25/01/2016
I làpis del professore.
Sabato, una scatola in metallo abbandonata sulla panchina all’ingresso di piazza San Pancrazio… al suo interno, tre pennarelli colorati, una stilo, un bianchetto, una gomma da cancellare molto consumata, un temperino in metallo e tanti mozziconi di matita… tutti uguali e rigorosamente appuntiti.
Poi, nel sottofondo, un rettangolino di carta ben stirata su cui una grafia nitida e precisa ha tracciato un numero di telefono: “Pronto, buongiorno, sono dell’Associazione per Villa Pamphilj, avrei trovato un astuccio…”
“Grazie, grazie – mi risponde una voce di donna – lui era così preoccupato, è tornato due volte a cercarlo, ora non c’è, mi dia il suo numero, la faccio richiamare come torna… grazie, grazie, grazie!!!”.
L’ho incontrato ieri sera: minuto, l’aria un po’ svagata mentre rincorre da sotto gli occhiali le linee dell’androne dove è in attesa, le mani affondate in un lungo cappotto, i modi cortesi e la voce modulata: “Grazie di averlo trovato, lei è stato gentilissimo…” e quasi si schernisce quando io, curioso, gli chiedo di tutte quelle matite ben curate: cos’è un disegnatore, uno scrittore, un appassionato di… “Sono un professore, mi piace venire a villa per leggere, e poi annotare qualcosa, con il làpis, di fianco sul testo…”.

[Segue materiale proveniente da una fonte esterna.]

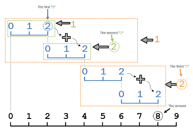 Even exponentiation is counting. Repeated counting is called addition. Repeated addition is called multiplication. Repeated multiplication is called exponentiation. This is more complicated, and you shouldn’t expect to understand this until later on in school. To show how it works, we need to use a more complicated color scheme.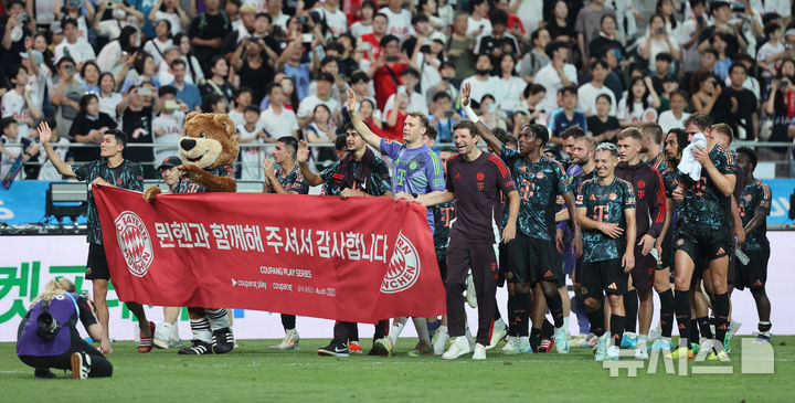 [서울=뉴시스] 김근수 기자 = 3일 서울 마포구 서울월드컵경기장에서 열린 쿠팡플레이 시리즈 2경기 토트넘 홋스퍼와 FC바이에른 뮌헨의 경기에서 FC바이에른 뮌헨이 토트넘 홋스퍼를 상대로 2-1로 승리를 거뒀다. FC바이에른 뮌헨 선수들이 경기장을 돌며 팬들에게 인사를 하고 있다. 2024.08.03. [email protected]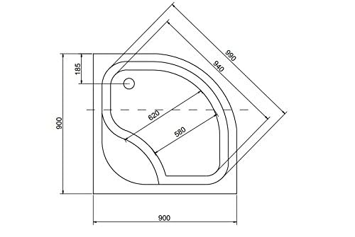Maße der Duschwanne: 90x90x26, Acrylhöhe: 39 cm, inkl. Schürze und Ablaufgarnitur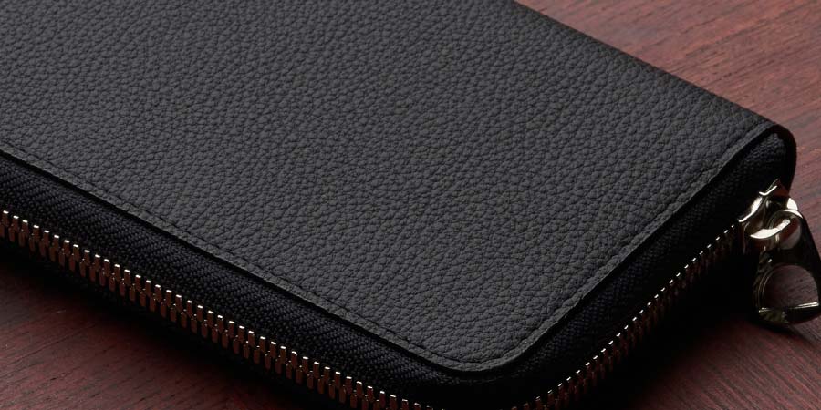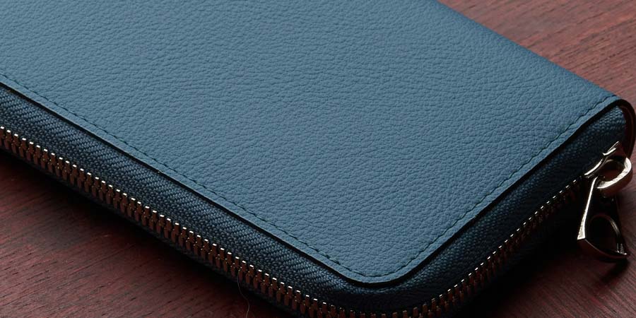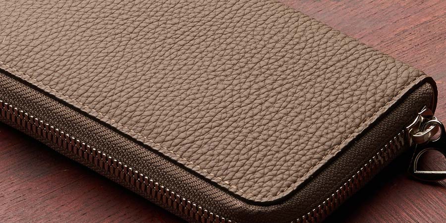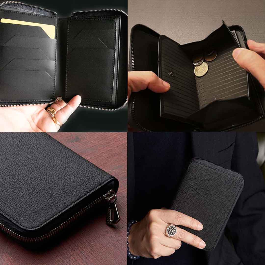 美しい内装で通帳やパスポートも入る大容量ながら長財布よりコンパクトな機能美を兼ね備えている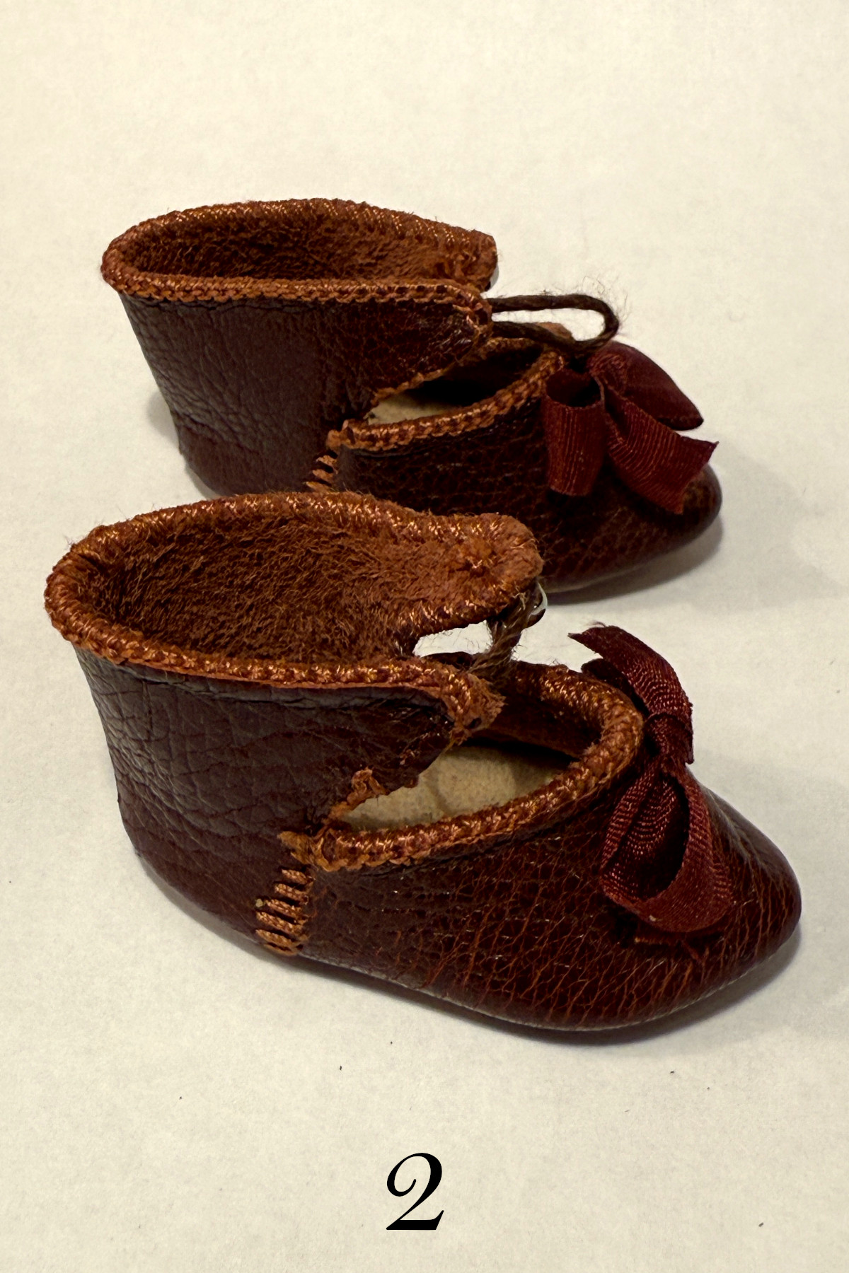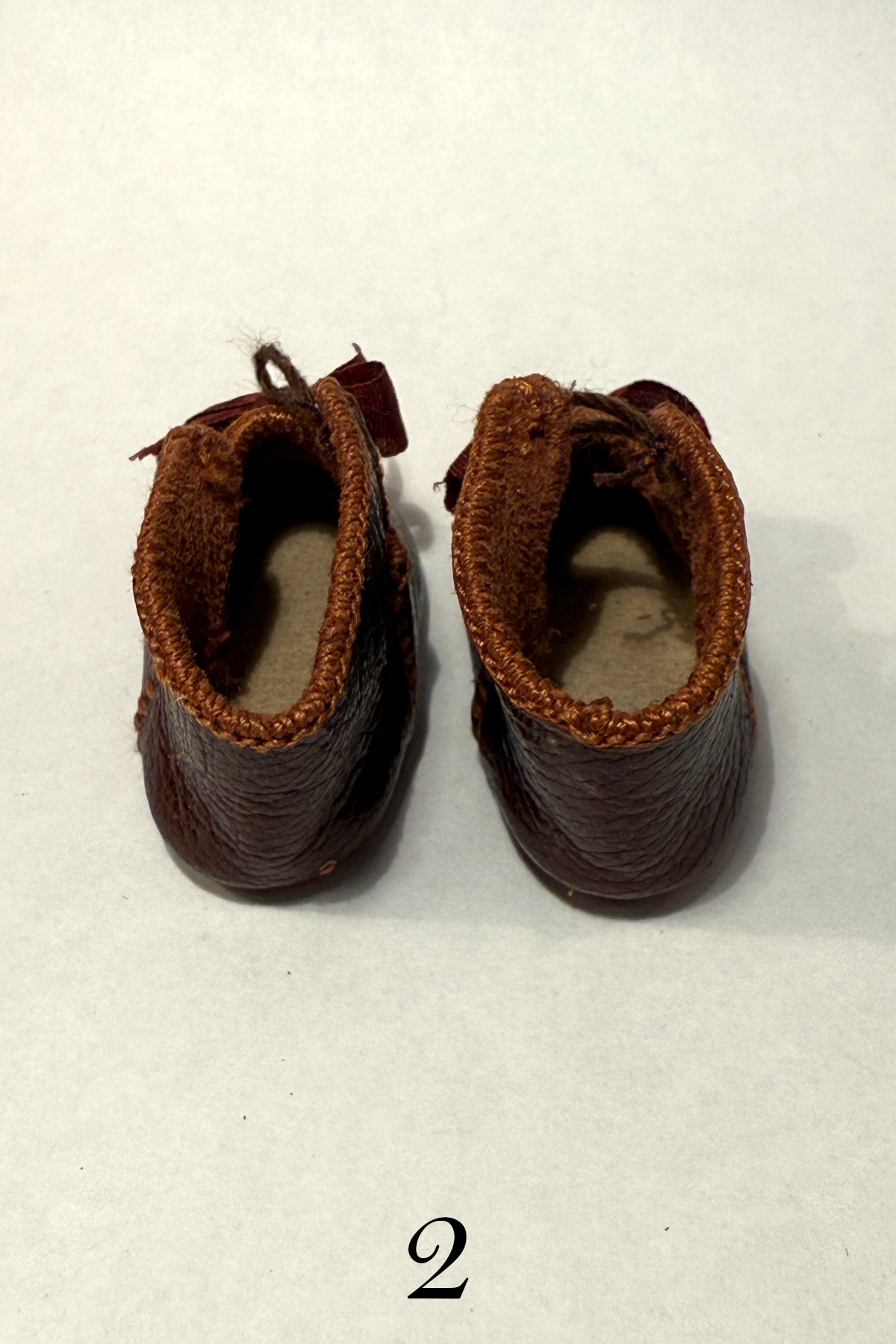 ブラウンの革のアッパーにレザーソールのかわいらしい靴。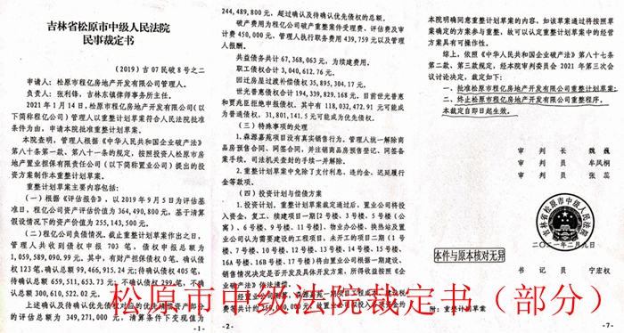 以上法院查明的债权债务情况,正好印证了239名债权人举报材料中提到的债权债务数字。但是,松原市中级法院以(2019)吉07民破8号之二民事裁定书批准了东镇律所作为破产管理人做出的松原程亿房地产开发有限公司破产重整计划草案,并终止了该公司的重整程序。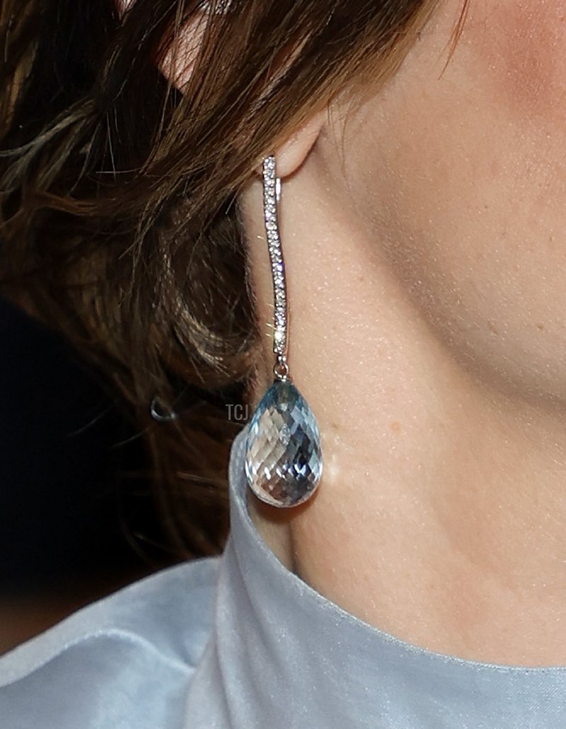 And now we’ve got blue gemstone toppers, too. They coordinate with the diamond and blue gemstone drop earrings that Sofia wore for the ceremony as well.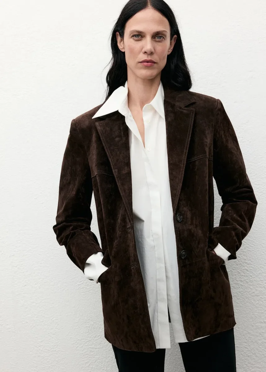 100% pelle scamosciata. Design dritto. Collo con revers a V. Revers classici. Maniche lunghe con polsini abbottonati. Due tasche laterali con patta. Chiusura con bottoni sul davanti. Fodera interna. Esclusiva online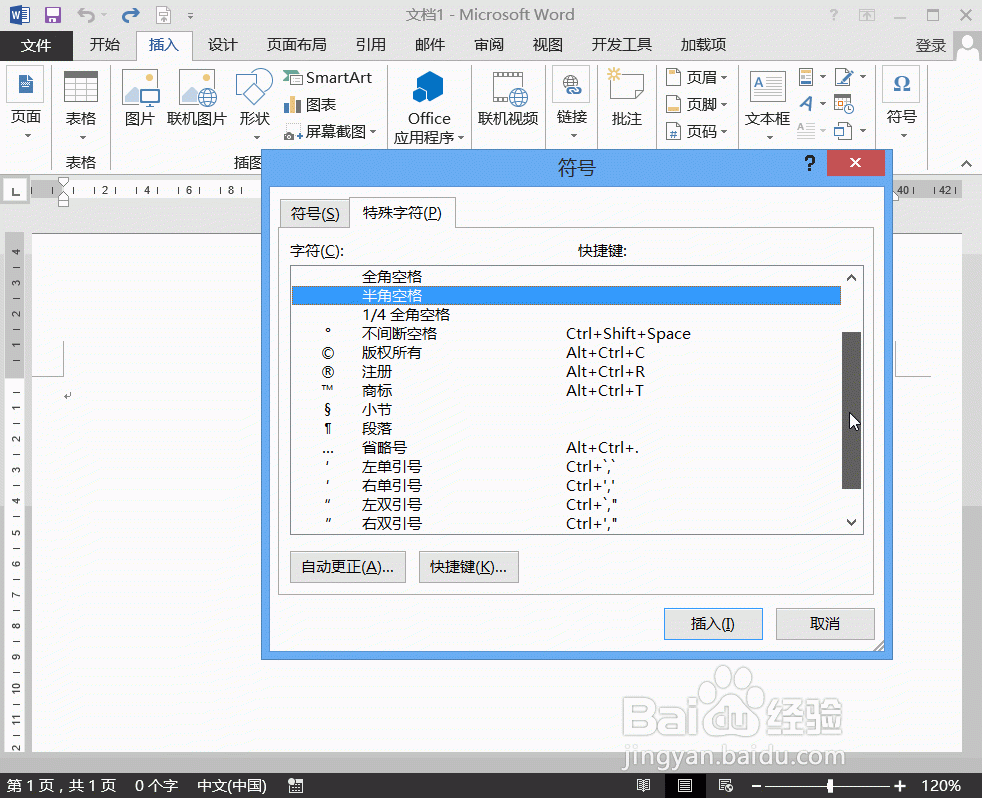 6、在特殊字符内找到零宽度非断开空格选项,点击插入之后我们就设置好了,如图所示: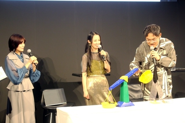 そして、今回の特別企画「最強の鑑定力を持つのは誰だ!? 重さ鑑定クイズ」も行われることに。ステージには軽量用の天秤が運ばれ、用意したアイテムの重さと同じ重さになるようにプラスチックのコインとビー玉を置いて、二つが釣り合えば成功というもの。

Quando ha saputo che siamo quelli dei fiori, del muro dipinto, della difesa della villa voleva regalarci qualcosa perchè “Mi sembra giusto, avete ritrovato il mio astuccio, e questo può servire per sostenere le vostre iniziative… “: grazie professore, oggi non ce n’è bisogno, ché aver incontrato una persona così, fuori dal tempo, pulita ed ancora sognante, con quei suoi làpis, corti e ben appuntiti, quella sua panchina, le letture… è il sogno della villa Pamphilj di un tempo, prima delle brutture e del degrado di cui vi parliamo continuamente, è una sensazione di serenità interiore… e tutto, in punta di làpis!